Near-exponential surface densities as hydrostatic, nonequilibrium profiles in galaxy discs

TL;DR

This paper proposes steady state distribution functions for galaxy disc stars that naturally produce near-exponential surface density profiles, explaining their ubiquity across galaxy types through physical and hydrodynamic principles.

Contribution

It introduces a new class of steady state distribution functions that generate surface density profiles resembling exponential discs, accounting for observed universality and diversity.

Findings

Profiles often resemble Type I exponentials, especially at moderate Sersic indices.

Profiles can appear as broken, Type II or III in certain parameter ranges.
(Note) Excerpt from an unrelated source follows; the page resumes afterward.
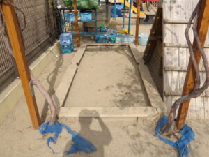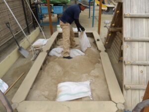 今回は加熱殺菌した砂を持っていき、入っている分との入れ替え作業となります。
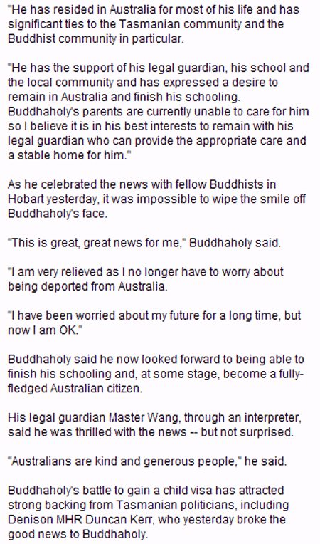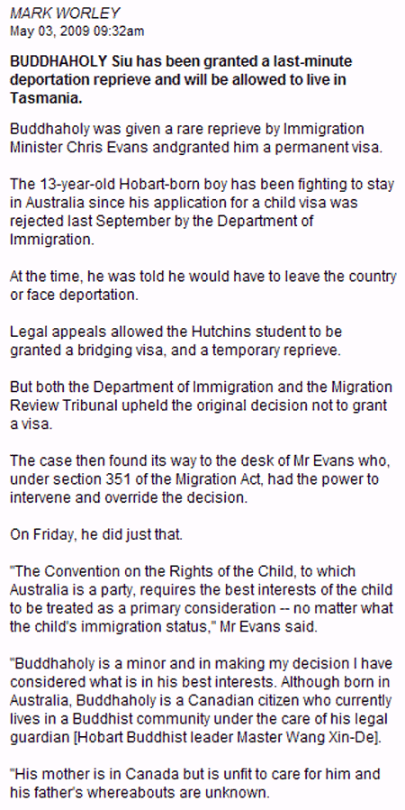 《 水 銀 報 》 記 者 Mark Worley 撰 寫 2009 年 5 月 3 日 上 午 9:32 蕭 佛 聖 已 經 被 賜 予 一 個 最 後 的 放 逐 豁 免 , 並 將 會 被 准 予 住 在 塔 州 。 佛 聖 被 移 民 部 長 Chris Evans 給 予 一 個 罕 見 的 豁 免 , 並 賜 予 他 一 個 長 期 簽 証 。 自 從 這 十 三 歲 Hobart 出 生 的 男 孩 在 去 年 九 月 被 移 民 部 拒 絕 他 的 兒 童 簽 証 申 請 後 , 他 一 直 為 了 居 留 在 澳 洲 而 鬥 爭 。 當 時 他 被 告 訴 他 要 離 開 國 家 或 者 面 臨 放 逐 出 境 。 法 律 的 上 訴 准 許 了 這 Hutchins 學 生 被 給 予 過 橋 簽 証 和 一 個 暫 時 豁 免 。 但 移 民 局 和 移 民 回 顧 審 判 庭 都 支 持 原 有 的 決 定 不 給 予 簽 証 。 此 案 件 最 後 來 到 Evans 先 生 的 桌 子 , 他 以 《 移 居 法 案 》 第 351 部 的 權 力 干 涉 和 撤 銷 這 決 定 。 在 星 期 五 , 他 就 這 樣 做 了 。 “ 澳 洲 是 《 兒 童 權 益 公 約 》 的 一 份 子 , 此 公 約 要 求 我 們 視 兒 童 的 利 益 為 重 要 並 作 為 一 個 首 要 的 考 慮 ── 無 論 該 兒 童 的 移 民 狀 態 是 怎 麼 樣 , ” Evans 先 生 說 。 “ 佛 聖 是 一 個 未 成 年 人 , 我 在 作 此 決 定 時 , 我 考 慮 的 是 他 的 最 佳 利 益 。 雖 然 是 出 生 於 澳 洲 , 佛 聖 是 一 個 加 拿 大 公 民 , 現 在 則 住 在 佛 教 社 團 裡 , 在 他 的 法 律 監 護 人 〔 Hobart 佛 教 領 袖 王 信 得 大 師 〕 之 下 獲 得 照 顧 。 ” “ 他 的 生 命 中 大 部 份 時 間 是 住 在 澳 洲 , 並 且 , 與 塔 州 社 團 有 重 要 的 聯 繫 , 特 別 是 佛 教 社 團 。 ” 他 擁 有 他 的 法 律 監 護 人 、 他 的 學 校 和 當 地 社 團 的 支 持 , 而 他 本 人 也 表 達 了 逗 留 在 澳 洲 和 完 成 他 的 學 業 的 欲 望 。 佛 聖 的 父 母 現 在 不 能 照 顧 他 , 所 以 我 相 信 與 他 的 法 律 監 護 人 在 一 起 , 對 他 是 最 好 的 利 益 , 法 律 監 護 人 能 夠 提 供 合 適 的 照 顧 和 一 個 穩 定 的 家 給 他 。 當 他 與 他 的 佛 教 徒 同 伴 在 Hobart 慶 祝 這 消 息 時 , 很 困 難 抹 走 佛 聖 臉 上 的 笑 容 。 “ 這 對 我 來 是 最 好 、 最 好 的 消 息 , ” 佛 聖 說 。 “ 我 現 在 是 非 常 放 心 , 因 為 我 不 再 要 擔 心 被 澳 洲 放 逐 出 境 。 ” “ 很 長 的 一 段 時 間 了 , 我 一 直 在 擔 心 我 的 未 來 , 但 現 在 我 沒 事 了 。 ” 佛 聖 說 他 現 在 盼 望 完 成 他 的 學 業 , 並 且 , 在 某 一 階 段 時 , 成 為 一 位 羽 毛 豐 滿 會 飛 的 澳 洲 公 民 。 他 的 法 律 監 護 人 王 大 師 , 通 過 翻 譯 員 , 說 祂 聽 見 此 消 息 是 極 為 激 動 ── 但 不 意 外 。 “ 澳 洲 人 是 仁 慈 和 慷 慨 的 人 們 , ” 祂 說 。 佛 聖 獲 取 兒 童 簽 証 的 鬥 爭 吸 引 塔 州 政 治 家 的 強 大 的 支 持 , 包 括 Denison 眾 議 院 議 員 Duncan Kerr , 昨 天 向 佛 聖 透 露 宣 佈 這 好 消 息 。 |

Velocity dispersion profiles follow low order power-laws.

Abstract

Apparent exponential surface density profiles are nearly universal in galaxy discs across Hubble types, over a wide mass range, and a diversity of gravitational potential forms. Several processes have been found to produce exponential profiles, including the actions of bars and spirals, and clump scattering, with star scattering a common theme in these. Based on reasonable physical constraints, such as minimal entropy gradients, we propose steady state distribution functions for disc stars, applicable over a range of gravitational potentials. The resulting surface density profiles are generally a power-law term times a Sersic-type exponential. Over a modest range of Sersic index values, these profiles are often indistinguishable from Type I exponentials, except at the innermost radii. However, in certain parameter ranges these steady states can appear as broken, Type II or III profiles. The corresponding velocity dispersion profiles are low order power-laws. A chemical potential associated with scattering can help understand the effects of long range scattering. The steady profiles are found to persist through constant velocity expansions or contractions in evolving discs. The proposed distributions and profiles are simple and solve the stellar hydrodynamic equations. They may be especially relevant to thick discs, which have settled to a steady form via scattering.